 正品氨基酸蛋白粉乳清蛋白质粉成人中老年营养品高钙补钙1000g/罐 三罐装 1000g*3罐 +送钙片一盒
* * *
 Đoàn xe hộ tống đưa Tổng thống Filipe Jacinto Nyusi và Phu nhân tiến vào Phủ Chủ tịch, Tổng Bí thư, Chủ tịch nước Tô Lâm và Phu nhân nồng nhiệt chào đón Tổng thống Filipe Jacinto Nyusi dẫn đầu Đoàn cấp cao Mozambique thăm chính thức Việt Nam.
* * *
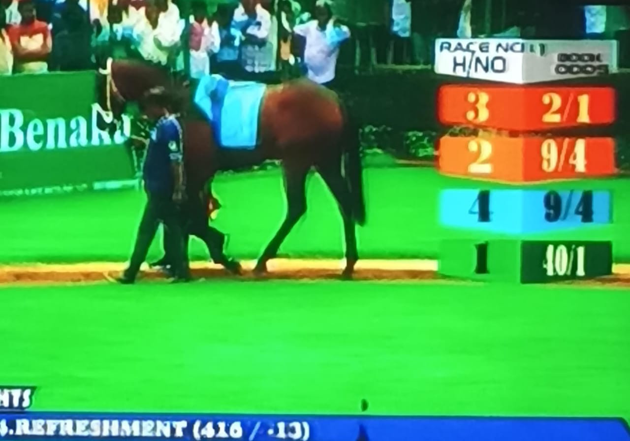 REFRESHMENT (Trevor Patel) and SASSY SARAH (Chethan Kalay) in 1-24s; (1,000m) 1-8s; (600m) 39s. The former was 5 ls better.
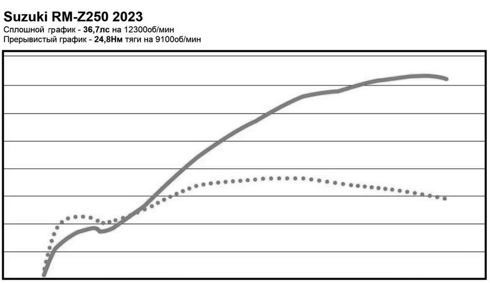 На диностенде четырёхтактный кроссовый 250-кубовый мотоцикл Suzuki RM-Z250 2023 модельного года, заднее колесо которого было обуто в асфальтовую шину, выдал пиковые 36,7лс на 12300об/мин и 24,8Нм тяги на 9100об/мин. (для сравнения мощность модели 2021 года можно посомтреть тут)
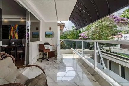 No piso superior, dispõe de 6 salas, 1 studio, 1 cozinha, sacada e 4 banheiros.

Problem requirements - Everything from the line with "На диностенде четырёхтактный" down to the line with "No piso superior, dispõe" in the data above should be copied exactly, with both end lines kept and the pictures left out.

Exercise result -
 На диностенде четырёхтактный кроссовый 250-кубовый мотоцикл Suzuki RM-Z250 2023 модельного года, заднее колесо которого было обуто в асфальтовую шину, выдал пиковые 36,7лс на 12300об/мин и 24,8Нм тяги на 9100об/мин. (для сравнения мощность модели 2021 года можно посомтреть тут)
 No piso superior, dispõe de 6 salas, 1 studio, 1 cozinha, sacada e 4 banheiros.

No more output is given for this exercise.